Personal details
- Born: 16 August 1944 Safed, Palestine
- Died: 16 August 2018 (aged 74) Le Grand-Lucé, France
- Party: Palestine Liberation Organization
- Education: Faculty of Fine Arts of the Damascus University
- Alma mater: École des Beaux-Arts
- Occupation: Visual artist

= Samir Salameh =

French painter

Samir Salameh (سمير سلامة; 16 August 1944 – 16 August 2018) was a Palestinian-born French visual artist, known for painting.

==Early life==
Salameh was born in the city of Safed, Palestine on 16 August 1944 and on the impact of the 1948 exodus was forced to move with his family to the city of Majd al-Krum in Galilee, and from there to the Bint Jbeil village in Lebanon. Samir stayed with there for a short time, and continued his career in Beirut and Damascus, and finally settled in the monastery of the Christian community on the shield.

== Career ==
Salameh began painting early, and received encouragement from the art teacher, a Syrian artist named Adham Ismail. He entered the faculty of fine arts of the Damascus University, and finished his studies in 1972 and then moved to Beirut, where he joined Palestine Liberation Organization. He participated in several collective exhibitions in Beirut, as well as numerous international exhibitions on Palestine. He contributed to the structuring of the Union of Arab Artists, being Ismail Shammout the first General Secretary.

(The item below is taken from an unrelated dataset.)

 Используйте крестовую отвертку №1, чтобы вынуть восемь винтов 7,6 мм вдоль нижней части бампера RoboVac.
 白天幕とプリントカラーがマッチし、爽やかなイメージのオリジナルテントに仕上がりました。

In 1975, Samir moved to Paris, France to continue his studies at École des Beaux-Arts, in front of the Louvre Museum, and when he received his residency he discovered on the sheet card that his birthplace was in Israel. He opposed that and knew that his nationality "was special," but Samir fought a few years later a war over the adoption of Safed / Palestine as a place of birth in his passport and the French had in the previous mission success in achieving them.

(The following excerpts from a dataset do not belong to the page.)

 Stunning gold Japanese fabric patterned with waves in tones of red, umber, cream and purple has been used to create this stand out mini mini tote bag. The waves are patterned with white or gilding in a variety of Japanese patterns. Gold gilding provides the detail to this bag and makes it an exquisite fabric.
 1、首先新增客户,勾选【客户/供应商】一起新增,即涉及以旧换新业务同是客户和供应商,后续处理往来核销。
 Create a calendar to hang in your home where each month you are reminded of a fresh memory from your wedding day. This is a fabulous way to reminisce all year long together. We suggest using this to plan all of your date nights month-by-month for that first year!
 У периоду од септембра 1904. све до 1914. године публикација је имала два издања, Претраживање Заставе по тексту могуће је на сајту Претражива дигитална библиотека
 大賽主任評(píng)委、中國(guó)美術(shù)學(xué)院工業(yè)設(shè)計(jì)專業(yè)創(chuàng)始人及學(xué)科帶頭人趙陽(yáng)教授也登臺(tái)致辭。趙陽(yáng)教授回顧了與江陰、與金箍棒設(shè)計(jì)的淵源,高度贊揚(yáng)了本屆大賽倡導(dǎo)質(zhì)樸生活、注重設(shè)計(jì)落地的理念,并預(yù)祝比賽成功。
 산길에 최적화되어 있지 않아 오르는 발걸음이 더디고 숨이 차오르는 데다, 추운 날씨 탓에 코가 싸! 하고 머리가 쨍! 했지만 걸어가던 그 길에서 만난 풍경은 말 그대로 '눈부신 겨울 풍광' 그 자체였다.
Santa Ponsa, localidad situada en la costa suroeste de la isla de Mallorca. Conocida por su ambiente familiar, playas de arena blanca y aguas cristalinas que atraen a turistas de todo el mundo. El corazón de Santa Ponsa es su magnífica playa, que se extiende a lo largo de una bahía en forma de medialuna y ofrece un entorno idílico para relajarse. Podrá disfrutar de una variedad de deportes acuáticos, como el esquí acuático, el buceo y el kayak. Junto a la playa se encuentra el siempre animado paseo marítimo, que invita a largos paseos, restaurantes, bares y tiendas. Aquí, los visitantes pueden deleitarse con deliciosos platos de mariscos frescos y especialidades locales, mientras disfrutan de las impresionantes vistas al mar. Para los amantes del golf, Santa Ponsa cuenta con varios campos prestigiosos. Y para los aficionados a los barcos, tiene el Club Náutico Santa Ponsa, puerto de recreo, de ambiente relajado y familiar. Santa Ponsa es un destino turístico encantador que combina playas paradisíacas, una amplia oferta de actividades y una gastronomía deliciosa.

After Samir finished his education and settled in France, he received a job in the Department of Arabic Literature at UNESCO Headquarters.

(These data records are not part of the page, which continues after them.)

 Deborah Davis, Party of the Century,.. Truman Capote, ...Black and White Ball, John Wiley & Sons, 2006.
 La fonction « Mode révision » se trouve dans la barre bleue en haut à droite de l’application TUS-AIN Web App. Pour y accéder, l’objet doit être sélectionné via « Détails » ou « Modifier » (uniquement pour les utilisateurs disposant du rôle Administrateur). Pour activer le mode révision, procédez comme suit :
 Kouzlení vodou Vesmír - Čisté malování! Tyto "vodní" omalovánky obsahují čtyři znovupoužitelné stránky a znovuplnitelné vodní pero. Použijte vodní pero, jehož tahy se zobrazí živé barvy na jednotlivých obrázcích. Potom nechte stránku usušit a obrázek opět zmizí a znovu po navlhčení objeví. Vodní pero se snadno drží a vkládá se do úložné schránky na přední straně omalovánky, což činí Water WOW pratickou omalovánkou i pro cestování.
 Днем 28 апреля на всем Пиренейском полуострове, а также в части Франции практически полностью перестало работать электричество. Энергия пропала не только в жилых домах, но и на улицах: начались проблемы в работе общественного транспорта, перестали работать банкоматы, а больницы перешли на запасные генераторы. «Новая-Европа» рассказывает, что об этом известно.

Samir participated in a series of foreign art exhibitions in Japan, Sweden, Germany, Morocco, Egypt, Jordan and more, and several exhibitions in French cities. He has established an international exhibition in Beirut under the supervision of Mona Saudi, then moved to Tokyo before returning to Beirut and exhibiting paintings destroyed by warplanes bombed during the Israeli invasion of Lebanon in June 1982.

In 1996 he returned to Safed for the first time, but could not find his childhood home. Received in Ramallah, a presidential decree appointing him as an advisor to the Ministry of Culture. He worked for two years in the design of International Red Cross and Red Crescent Movement hospital in Khan Yunis. In 2005 Samir exposed for first time in Palestine. President of Palestine, Mahmoud Abbas, granted him the Order of Culture, Arts and Science in recognition of his career and for his role in the creation of the Faculty of Fine Arts and Media in the PLO.

==Death==
Samir Salama died on 16 August 2018 in Le Grand Lucé.